What is expected => Please repeat only the lines below starting at the line that holds "Im Advent 2023" and ending at the line that holds "Over the next", exactly, with both of those lines included and every picture omitted.

[Stored items]
**********

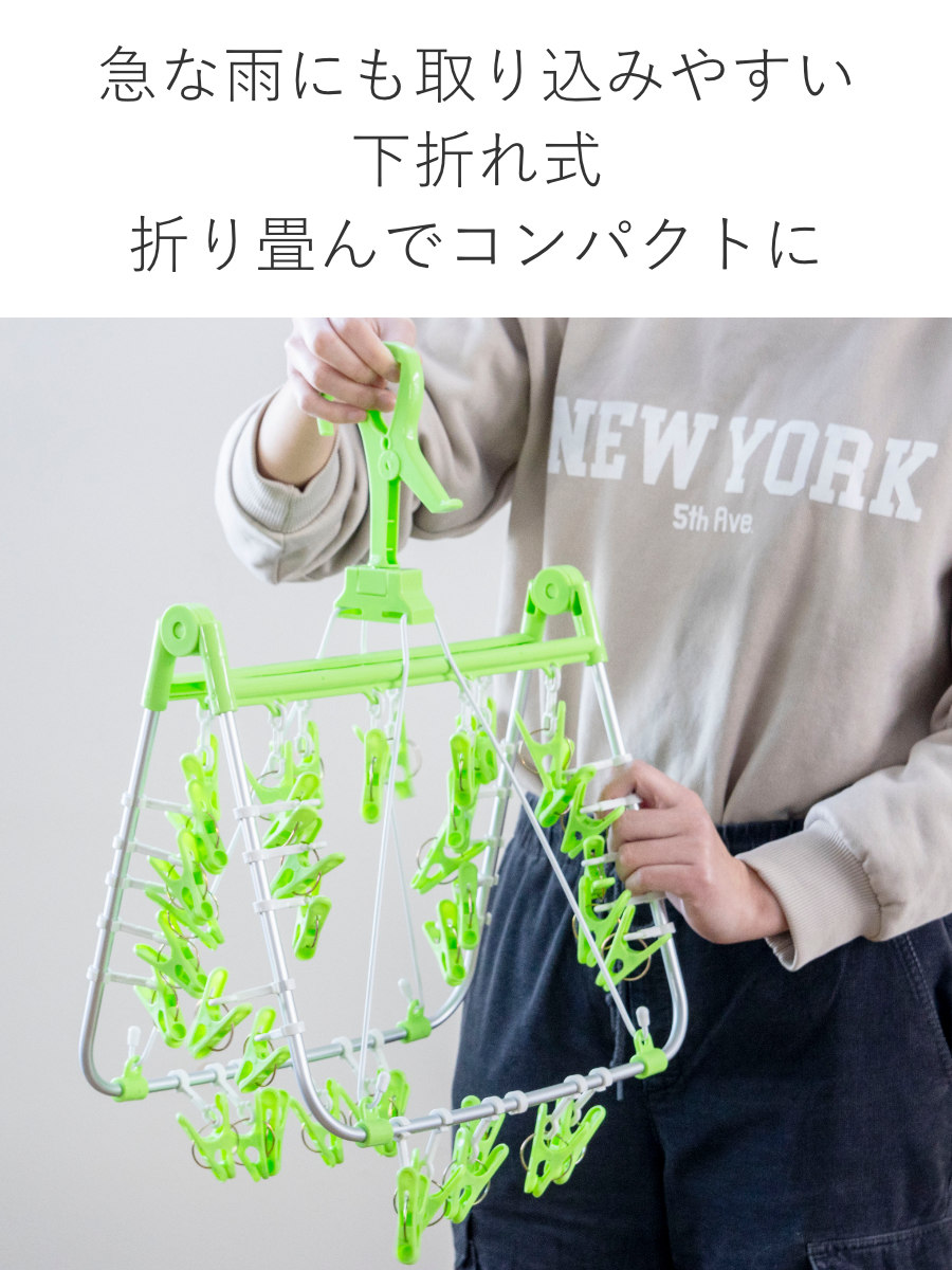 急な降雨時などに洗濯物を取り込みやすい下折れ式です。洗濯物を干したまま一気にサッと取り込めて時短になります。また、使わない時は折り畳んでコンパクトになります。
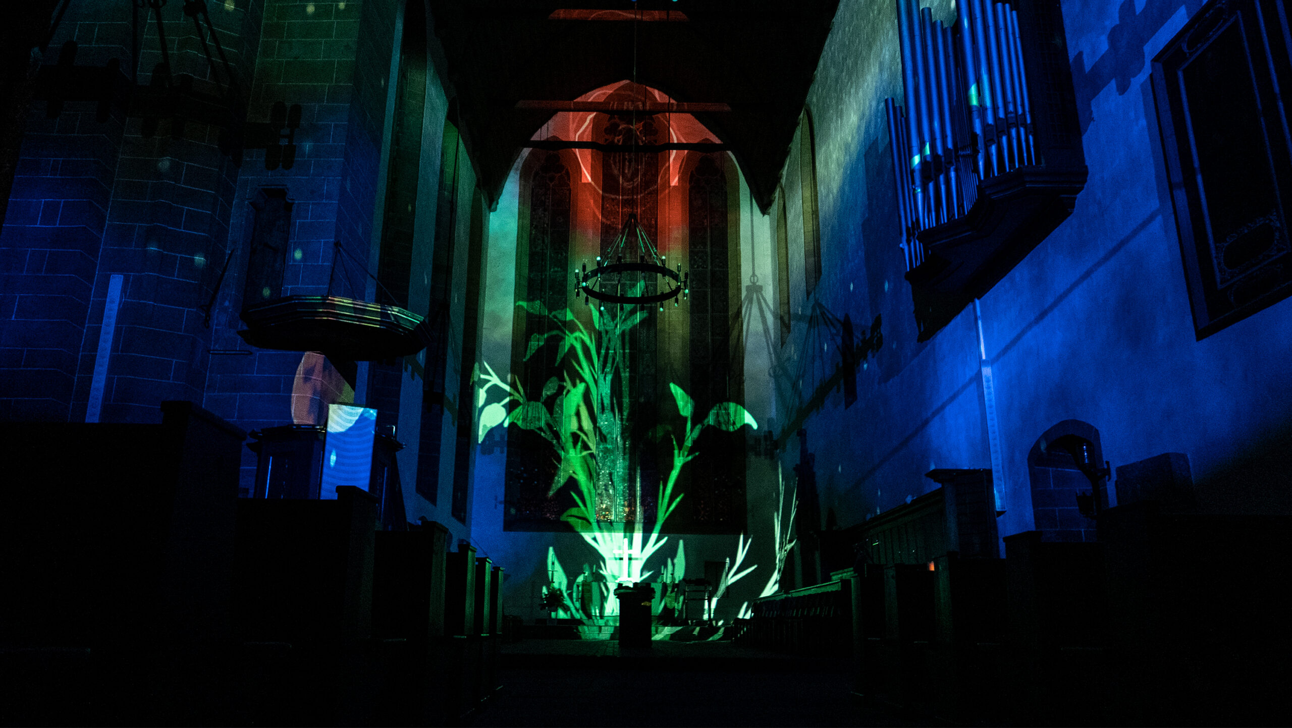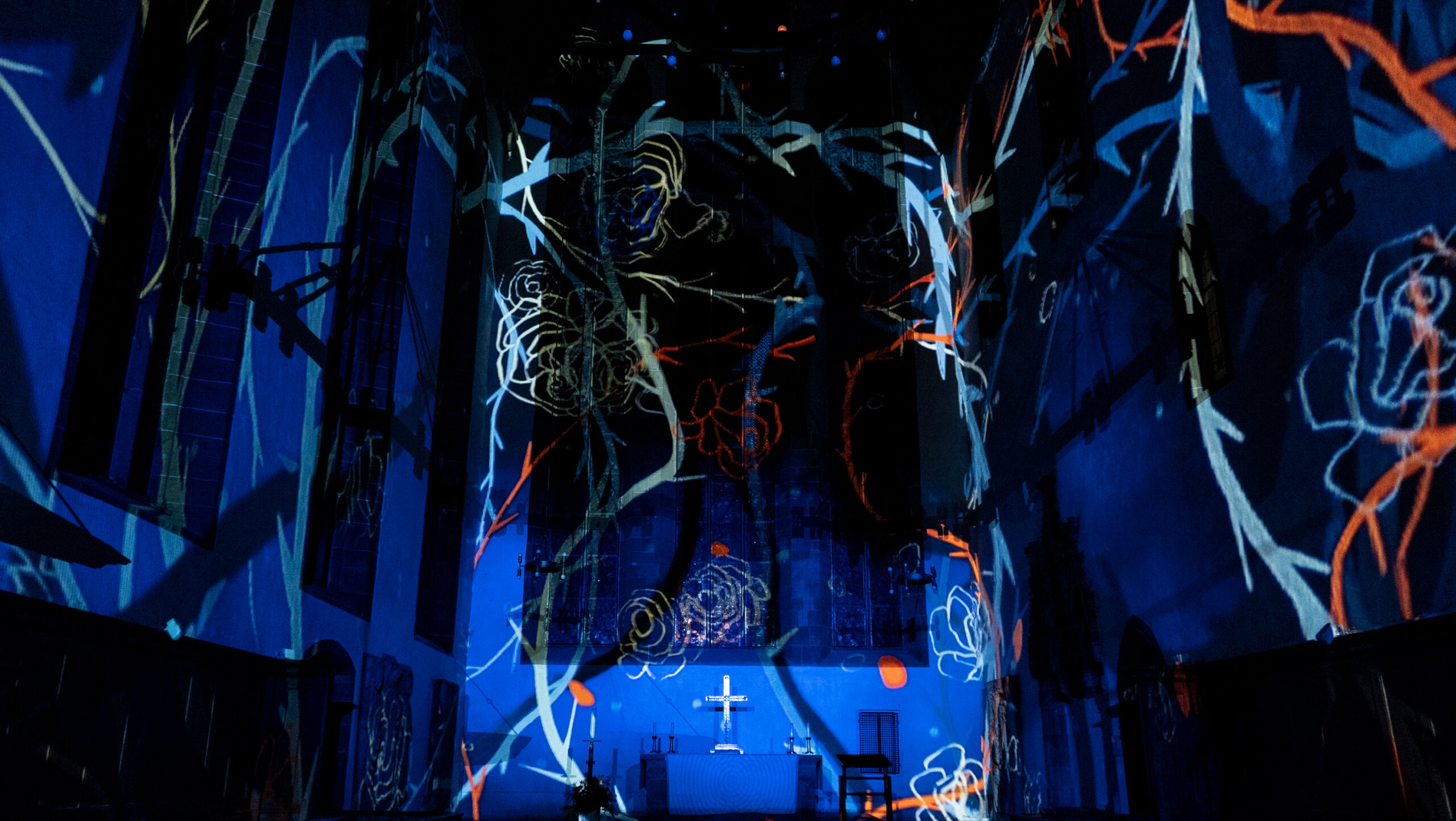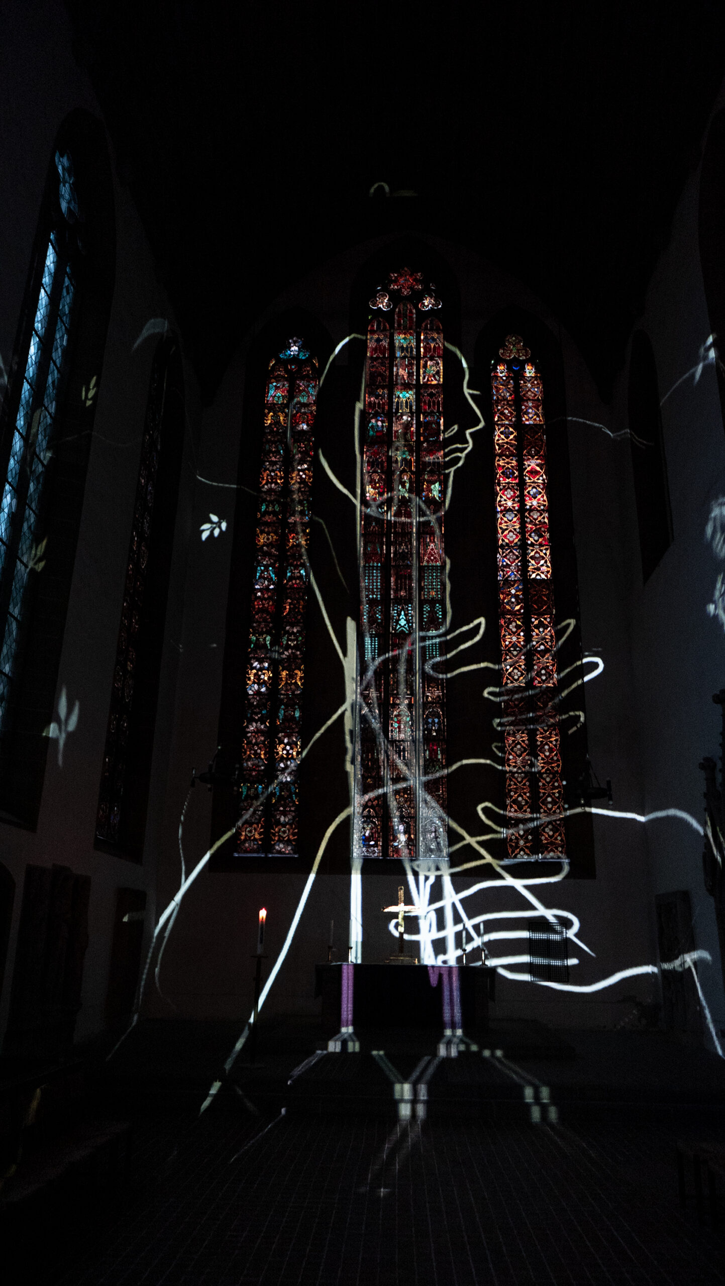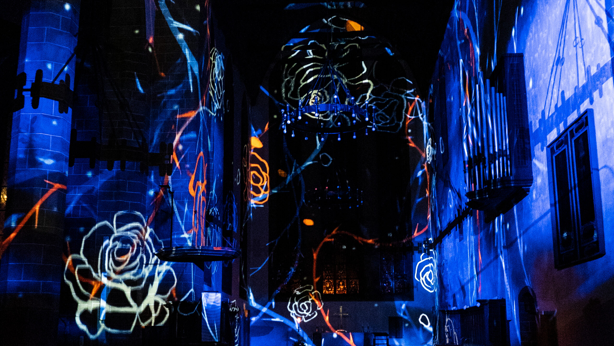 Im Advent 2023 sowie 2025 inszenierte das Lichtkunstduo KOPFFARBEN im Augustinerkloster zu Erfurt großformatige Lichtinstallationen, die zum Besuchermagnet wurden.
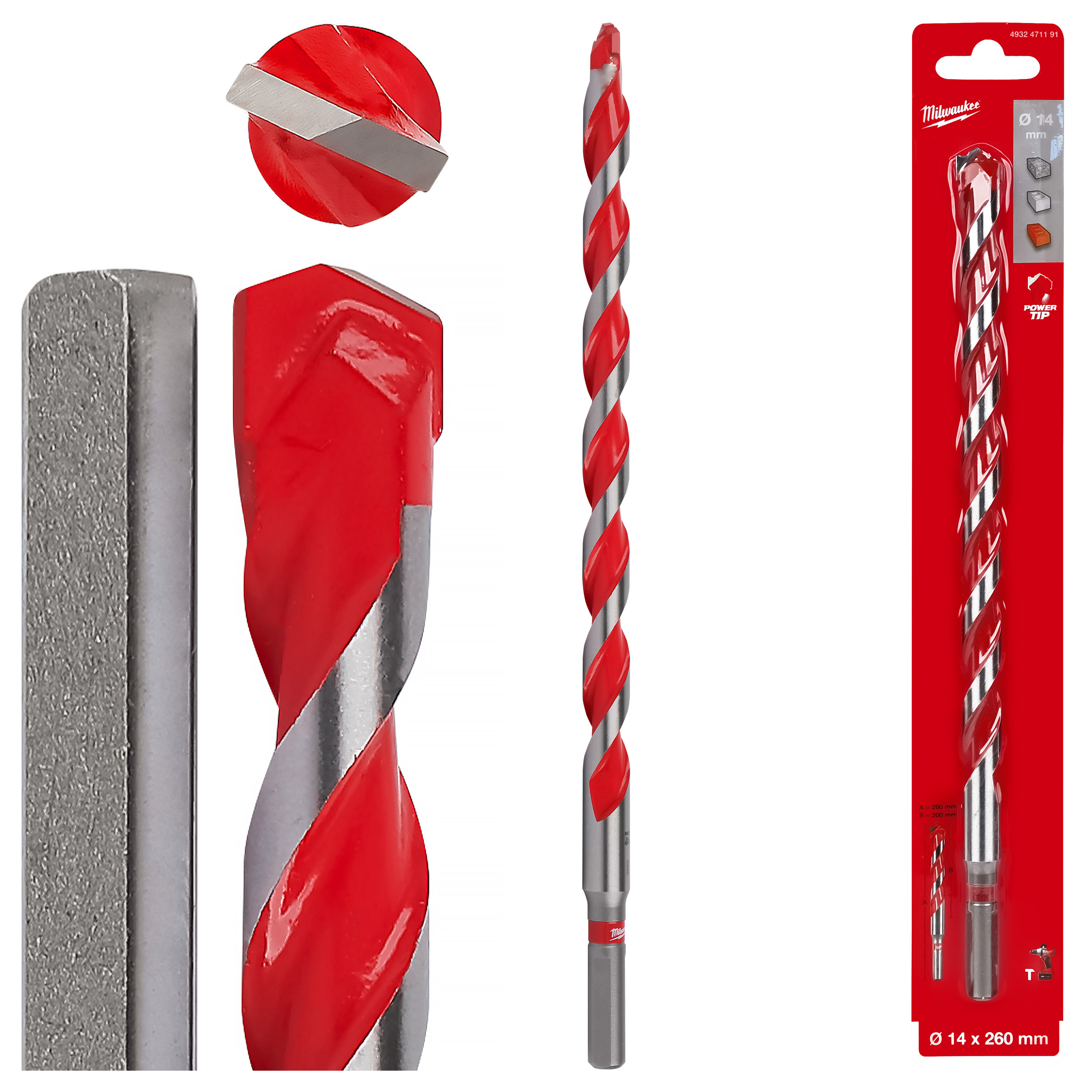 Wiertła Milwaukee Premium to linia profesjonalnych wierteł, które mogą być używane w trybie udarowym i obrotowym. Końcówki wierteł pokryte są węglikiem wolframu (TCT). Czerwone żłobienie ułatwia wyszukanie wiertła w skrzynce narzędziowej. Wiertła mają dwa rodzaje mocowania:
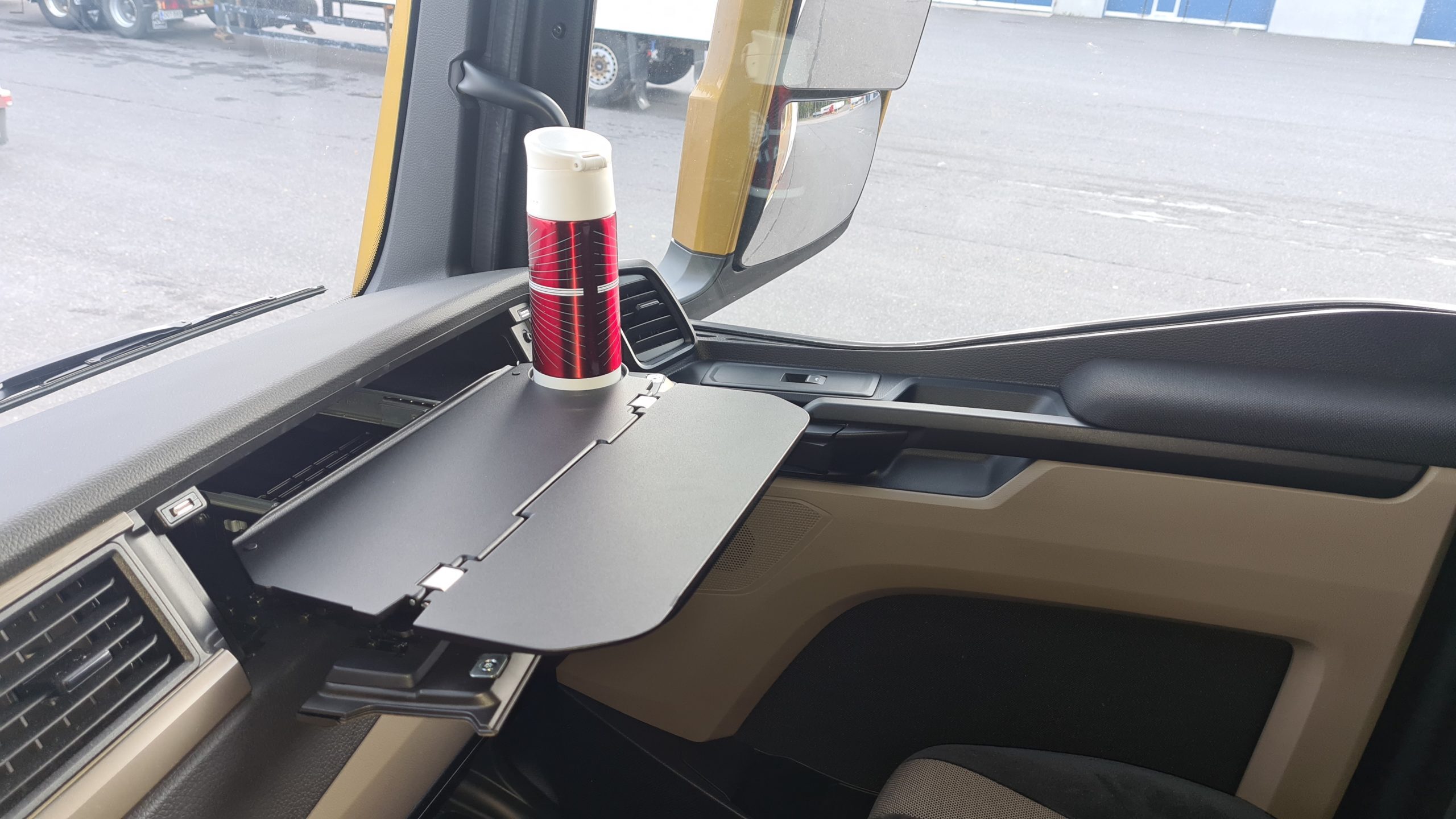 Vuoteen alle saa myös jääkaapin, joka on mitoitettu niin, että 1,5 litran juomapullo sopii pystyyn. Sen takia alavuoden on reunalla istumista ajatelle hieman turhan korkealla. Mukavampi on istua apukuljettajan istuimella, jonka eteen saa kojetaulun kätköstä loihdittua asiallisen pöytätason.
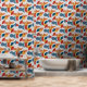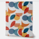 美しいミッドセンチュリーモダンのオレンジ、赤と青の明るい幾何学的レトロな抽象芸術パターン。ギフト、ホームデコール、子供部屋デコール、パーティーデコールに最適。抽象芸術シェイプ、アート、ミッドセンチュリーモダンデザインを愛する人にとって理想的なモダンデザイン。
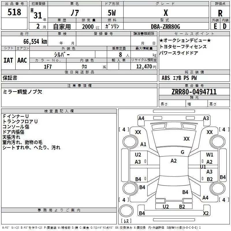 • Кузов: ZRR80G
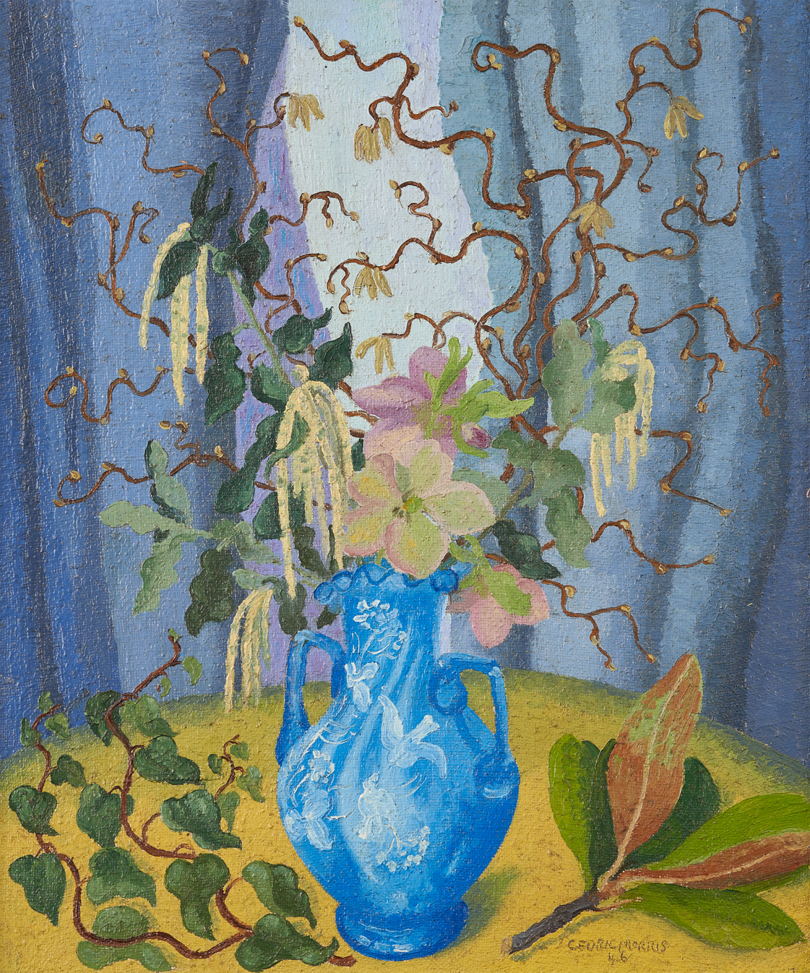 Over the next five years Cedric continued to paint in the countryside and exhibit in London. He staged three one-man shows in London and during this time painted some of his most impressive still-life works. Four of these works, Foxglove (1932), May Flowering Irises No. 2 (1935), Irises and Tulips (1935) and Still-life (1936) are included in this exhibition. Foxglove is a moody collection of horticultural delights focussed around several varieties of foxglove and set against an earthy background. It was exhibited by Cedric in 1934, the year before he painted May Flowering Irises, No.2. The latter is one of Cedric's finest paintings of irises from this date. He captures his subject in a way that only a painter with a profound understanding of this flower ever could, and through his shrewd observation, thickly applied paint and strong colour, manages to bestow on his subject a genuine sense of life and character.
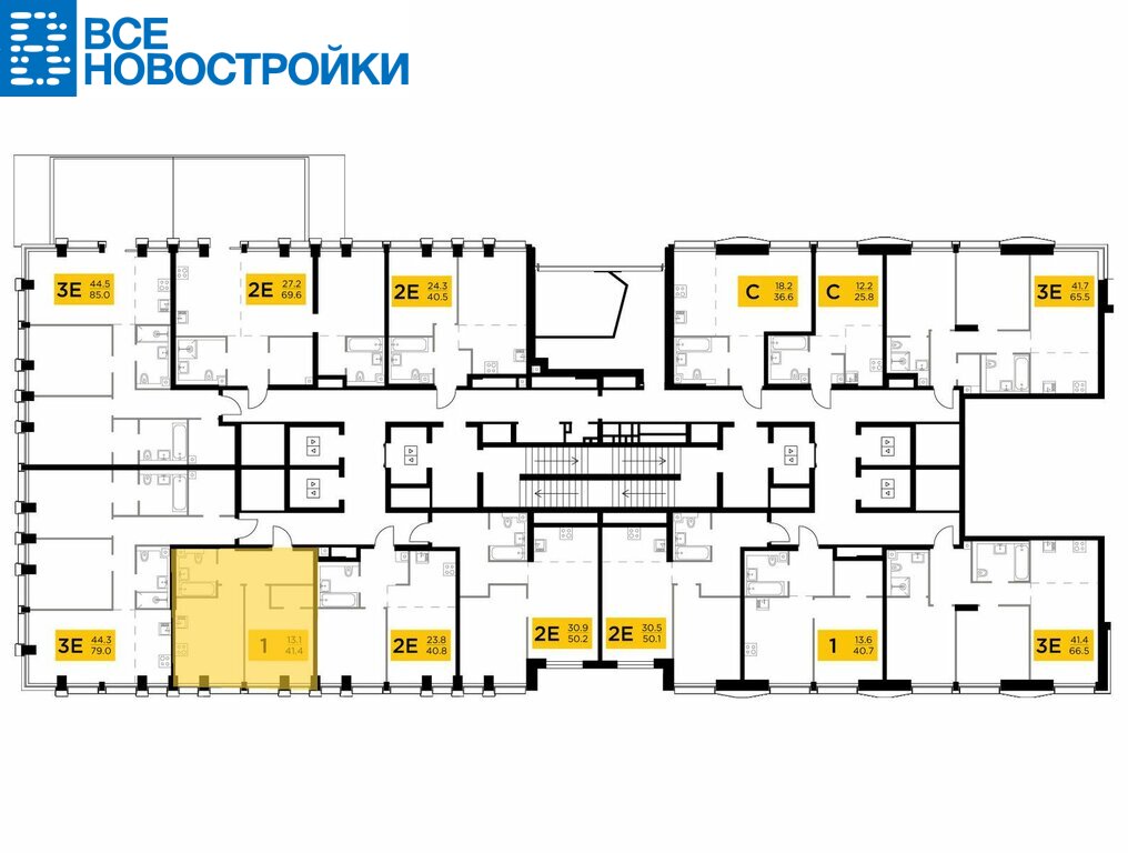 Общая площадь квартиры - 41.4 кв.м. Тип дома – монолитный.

**********

Your response =>
 Im Advent 2023 sowie 2025 inszenierte das Lichtkunstduo KOPFFARBEN im Augustinerkloster zu Erfurt großformatige Lichtinstallationen, die zum Besuchermagnet wurden.
 Wiertła Milwaukee Premium to linia profesjonalnych wierteł, które mogą być używane w trybie udarowym i obrotowym. Końcówki wierteł pokryte są węglikiem wolframu (TCT). Czerwone żłobienie ułatwia wyszukanie wiertła w skrzynce narzędziowej. Wiertła mają dwa rodzaje mocowania:
 Vuoteen alle saa myös jääkaapin, joka on mitoitettu niin, että 1,5 litran juomapullo sopii pystyyn. Sen takia alavuoden on reunalla istumista ajatelle hieman turhan korkealla. Mukavampi on istua apukuljettajan istuimella, jonka eteen saa kojetaulun kätköstä loihdittua asiallisen pöytätason.
 美しいミッドセンチュリーモダンのオレンジ、赤と青の明るい幾何学的レトロな抽象芸術パターン。ギフト、ホームデコール、子供部屋デコール、パーティーデコールに最適。抽象芸術シェイプ、アート、ミッドセンチュリーモダンデザインを愛する人にとって理想的なモダンデザイン。
 • Кузов: ZRR80G
 Over the next five years Cedric continued to paint in the countryside and exhibit in London. He staged three one-man shows in London and during this time painted some of his most impressive still-life works. Four of these works, Foxglove (1932), May Flowering Irises No. 2 (1935), Irises and Tulips (1935) and Still-life (1936) are included in this exhibition. Foxglove is a moody collection of horticultural delights focussed around several varieties of foxglove and set against an earthy background. It was exhibited by Cedric in 1934, the year before he painted May Flowering Irises, No.2. The latter is one of Cedric's finest paintings of irises from this date. He captures his subject in a way that only a painter with a profound understanding of this flower ever could, and through his shrewd observation, thickly applied paint and strong colour, manages to bestow on his subject a genuine sense of life and character.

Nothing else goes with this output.